Add: centiliter, decimeter, lux

Good.

(only certain locales, Fredrik to determine):
scandinavian-mile, kryddmått (need English name),
deciliter-per-kilometer and liter-per-scandinavian-mile (fuel consumption),
scandinavian-cubic-mile and scandinavian-mile and scandinavian-square-mile

If you are introducing a mechanism for limiting some units to certain locales, that is fine.
But then US/UK only units (i.e. the imperial units) MUST then also in CLDR be limited to US/UK.

kryddmått = spice-measure (literally)

en-modern-only: stone, bushel, cup, tablespoon, teaspoon

But tablespoon (15ml) and teaspoon (5ml) are commonly used also in Europe (in recipes),
maybe also in other parts of the world.

The types for the ”new” (to CLDR) units need to be fixed as well.

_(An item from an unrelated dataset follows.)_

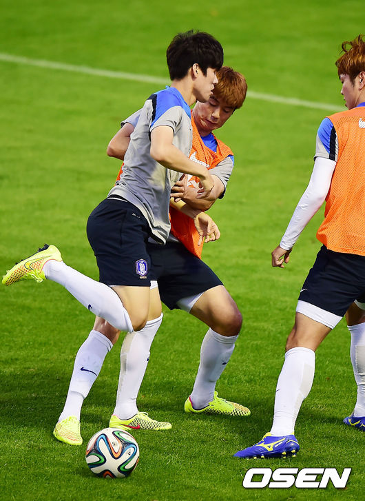 [OSEN=브라질 이구아수, 민경훈기자] 12일 오후(현지시간) 홍명보감독이 이끄는 축구대표팀이 이구아수(이과수)의 페드로 바소경기장에서 훈련 중 기성용이 김창수의 볼을 뺏고 있다.

See also my more detailed comments in https://docs.google.com/spreadsheets/d/1vlJYYbJNNP7g_FBGUW1IFEqlrw71AeMdLIr0m5SV1no/edit?usp=sharing.

comment:2 Changed 4 years ago by emmons

  • Owner changed from anybody to mark
  • Priority changed from assess to critical
  • Status changed from new to assigned
  • Component changed from unknown to data
  • Milestone changed from UNSCH to 26dsub

comment:3 Changed 4 years ago by emmons

  • Type changed from unknown to enhancement

comment:4 Changed 3 years ago by mark

Just added first draft for the new units. Held back on some of them until we could clear them up.

TODO: some of the new units will be specific to just en, or just sv/nb/nn. That needs to be adjusted in Coverage.

comment:5 follow-up: ↓ 7 Changed 3 years ago by kent.karlsson14@…

Split:

”consumption”: split! inverses should not share a category; split into

"consumption" (volume per distance) and
"mileage" (for lack of better word; distance per volume)

”electric”: split! different ”physical quantities” should NOT share a category; split into

(electriccapacitance (*farad))
electriccurrent (*ampere)
electriccurrentcapacity (*ampere-<time>)
electricpotential (*volt)
electricresistance (*ohm)

”light”: split! different ”physical quantities” should NOT share a category; so far only

luminousemittance

”digital”: split, storage size and transfer speed should not share a category; see below under "Add".

Delete:

”amount-karat”, what amount? (there is a carat used for "purity" (usually for gold),

but that is like a percentage [but parts-per-24 rather than parts-per-hundred] not a unit); ”mass-carat” is ok.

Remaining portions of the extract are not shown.